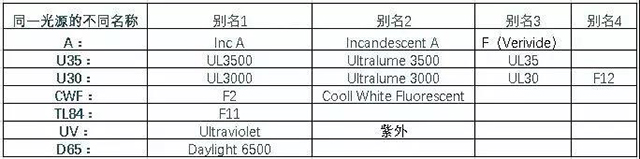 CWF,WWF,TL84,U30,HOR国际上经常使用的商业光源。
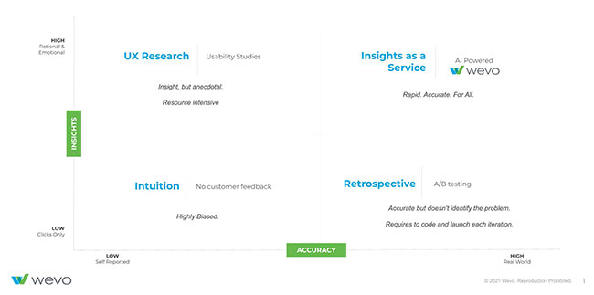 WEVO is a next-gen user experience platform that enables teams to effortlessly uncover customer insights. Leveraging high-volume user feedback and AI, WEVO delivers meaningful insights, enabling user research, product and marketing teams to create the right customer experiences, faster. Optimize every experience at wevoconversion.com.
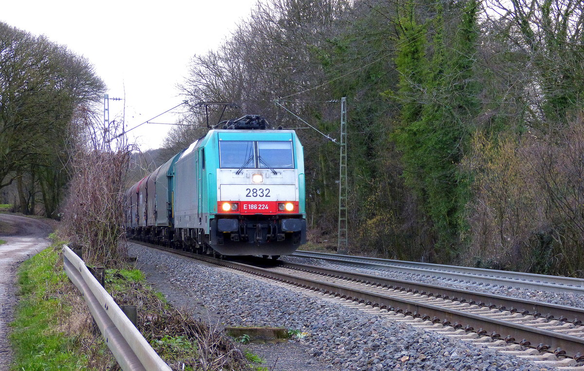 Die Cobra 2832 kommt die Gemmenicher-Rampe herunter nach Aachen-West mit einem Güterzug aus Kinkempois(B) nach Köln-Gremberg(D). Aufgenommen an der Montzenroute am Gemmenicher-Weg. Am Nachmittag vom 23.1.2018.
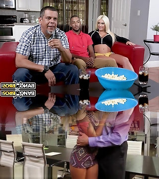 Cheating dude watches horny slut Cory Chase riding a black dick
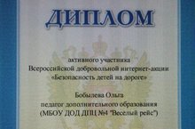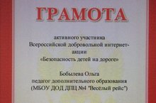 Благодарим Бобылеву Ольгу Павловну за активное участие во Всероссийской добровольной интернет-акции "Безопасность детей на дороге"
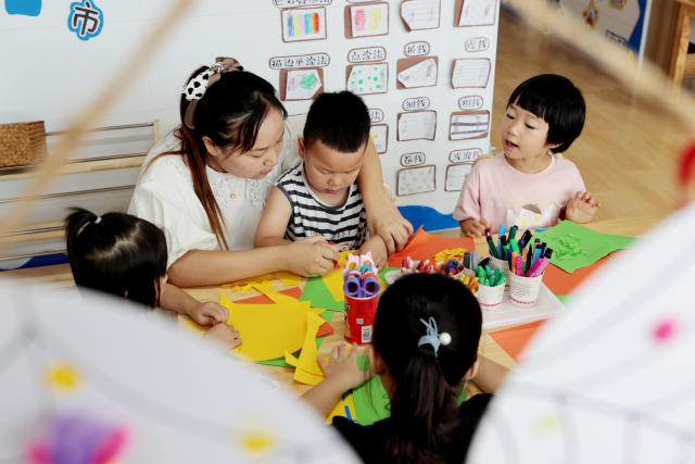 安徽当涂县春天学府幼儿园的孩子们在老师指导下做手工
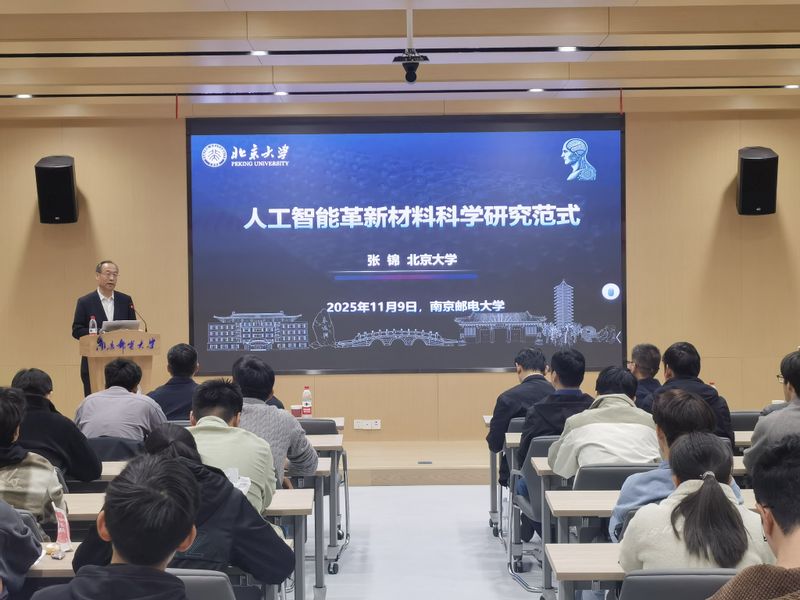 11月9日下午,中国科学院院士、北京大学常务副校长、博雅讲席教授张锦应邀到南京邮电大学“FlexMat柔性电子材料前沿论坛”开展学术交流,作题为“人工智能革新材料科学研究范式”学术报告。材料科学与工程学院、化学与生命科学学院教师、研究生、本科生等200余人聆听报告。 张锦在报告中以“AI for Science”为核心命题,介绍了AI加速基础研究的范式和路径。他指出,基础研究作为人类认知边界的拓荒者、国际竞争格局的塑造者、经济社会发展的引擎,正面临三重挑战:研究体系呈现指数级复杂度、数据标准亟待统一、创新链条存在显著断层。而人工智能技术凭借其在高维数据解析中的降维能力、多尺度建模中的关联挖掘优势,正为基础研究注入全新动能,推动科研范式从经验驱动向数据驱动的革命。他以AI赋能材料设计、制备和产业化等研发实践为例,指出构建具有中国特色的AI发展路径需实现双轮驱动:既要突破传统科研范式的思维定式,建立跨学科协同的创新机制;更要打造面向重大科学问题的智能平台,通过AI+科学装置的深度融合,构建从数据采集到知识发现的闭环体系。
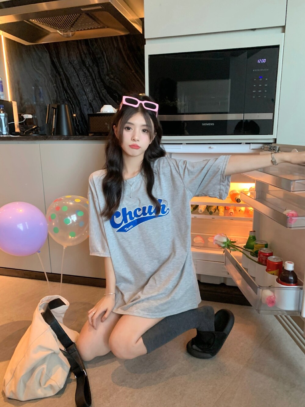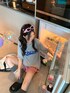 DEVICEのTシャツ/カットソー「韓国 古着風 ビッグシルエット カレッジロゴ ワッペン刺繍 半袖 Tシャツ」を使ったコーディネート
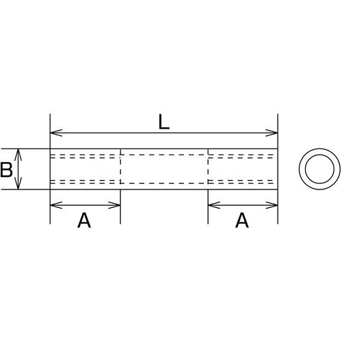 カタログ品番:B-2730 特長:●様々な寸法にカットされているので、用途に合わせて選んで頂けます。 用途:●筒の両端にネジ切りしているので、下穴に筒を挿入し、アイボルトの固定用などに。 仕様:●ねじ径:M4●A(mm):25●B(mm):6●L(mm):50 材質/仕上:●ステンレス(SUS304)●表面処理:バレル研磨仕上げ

^^^^

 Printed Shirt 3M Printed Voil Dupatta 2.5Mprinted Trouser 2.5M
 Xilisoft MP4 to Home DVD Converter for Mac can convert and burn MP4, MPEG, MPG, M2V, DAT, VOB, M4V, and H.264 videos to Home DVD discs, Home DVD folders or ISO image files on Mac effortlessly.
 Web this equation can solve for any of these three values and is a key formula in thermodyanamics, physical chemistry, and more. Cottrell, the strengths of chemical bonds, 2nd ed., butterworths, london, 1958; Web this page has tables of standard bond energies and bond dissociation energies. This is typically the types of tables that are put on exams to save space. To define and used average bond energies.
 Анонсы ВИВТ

^^^^

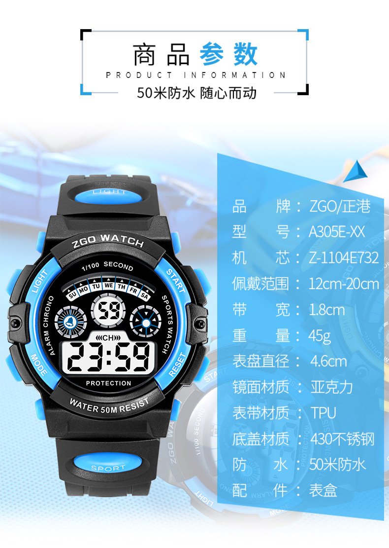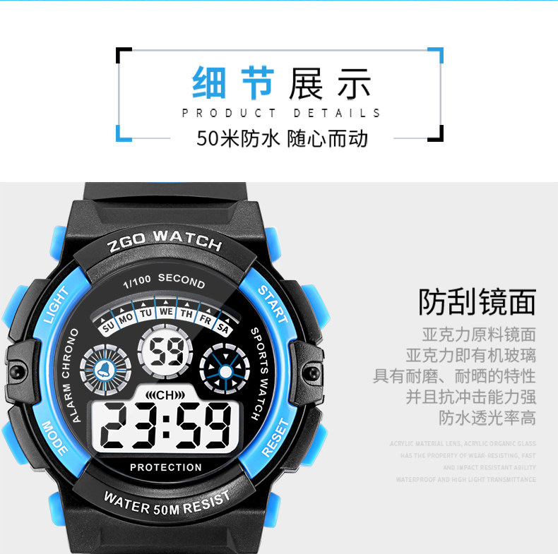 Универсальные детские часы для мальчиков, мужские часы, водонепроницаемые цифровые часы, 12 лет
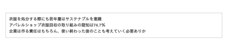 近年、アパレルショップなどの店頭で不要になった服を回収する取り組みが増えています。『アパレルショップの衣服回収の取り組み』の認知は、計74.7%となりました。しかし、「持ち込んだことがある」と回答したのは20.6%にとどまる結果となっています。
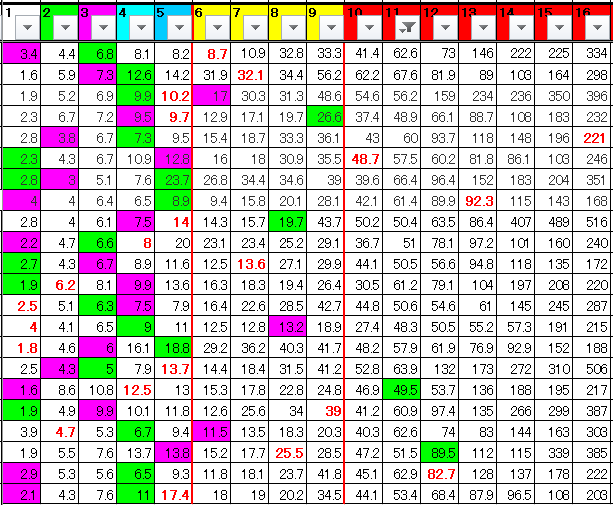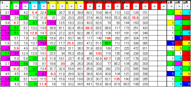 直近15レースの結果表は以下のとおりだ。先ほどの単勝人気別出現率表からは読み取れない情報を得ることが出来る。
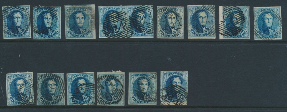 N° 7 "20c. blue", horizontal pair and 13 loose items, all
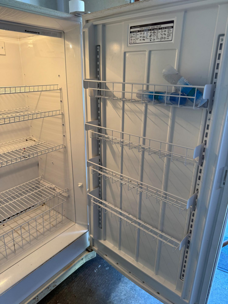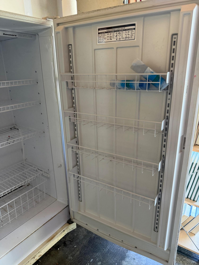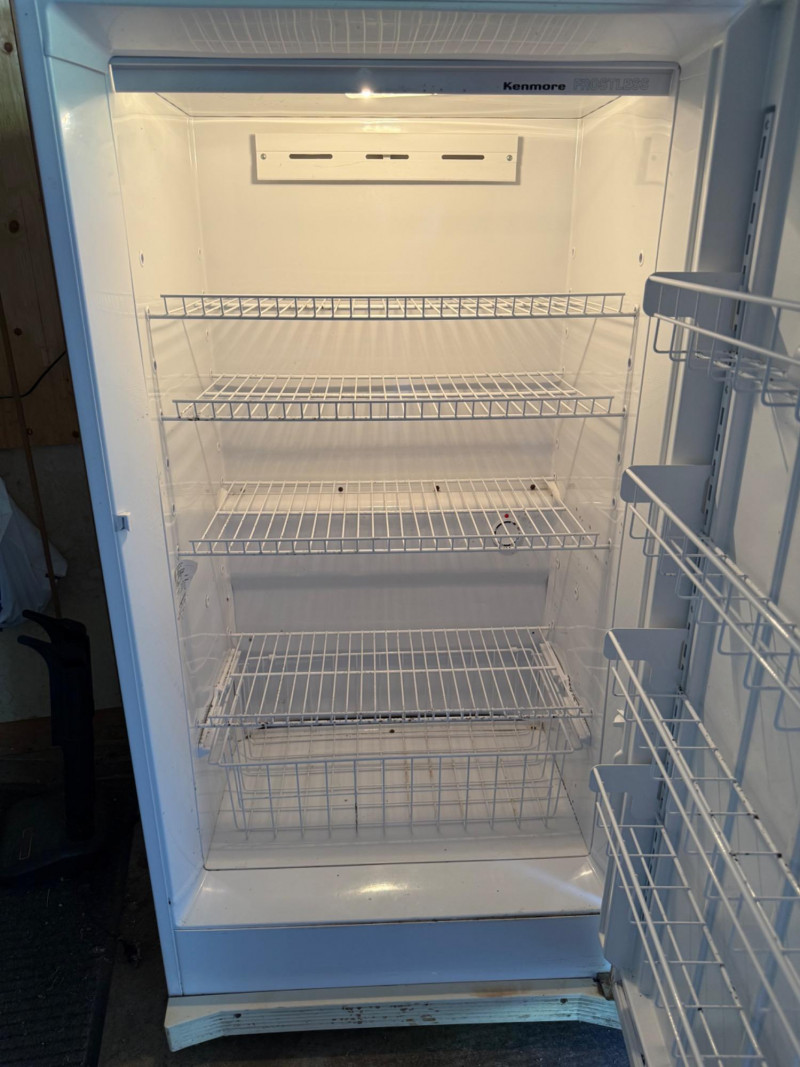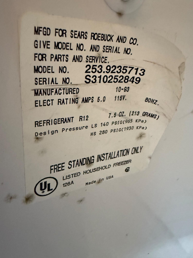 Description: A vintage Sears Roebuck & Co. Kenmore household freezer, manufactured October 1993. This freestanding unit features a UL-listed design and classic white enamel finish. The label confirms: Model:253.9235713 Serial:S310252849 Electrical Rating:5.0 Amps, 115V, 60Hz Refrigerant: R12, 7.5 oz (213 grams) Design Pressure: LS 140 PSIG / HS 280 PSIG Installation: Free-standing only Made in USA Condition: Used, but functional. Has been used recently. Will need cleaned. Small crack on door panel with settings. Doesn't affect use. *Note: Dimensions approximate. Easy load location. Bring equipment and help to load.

^^^^

• _WHAT TO DO_
Using the material above, reproduce only the lines that run from the line with "CWF,WWF,TL84,U30,HOR国际上经常使用的商业光源。" up to and including the line with "WEVO is a next-gen", exactly, with the pictures dropped.

• _YOUR SOLUTION_
 CWF,WWF,TL84,U30,HOR国际上经常使用的商业光源。
 WEVO is a next-gen user experience platform that enables teams to effortlessly uncover customer insights. Leveraging high-volume user feedback and AI, WEVO delivers meaningful insights, enabling user research, product and marketing teams to create the right customer experiences, faster. Optimize every experience at wevoconversion.com.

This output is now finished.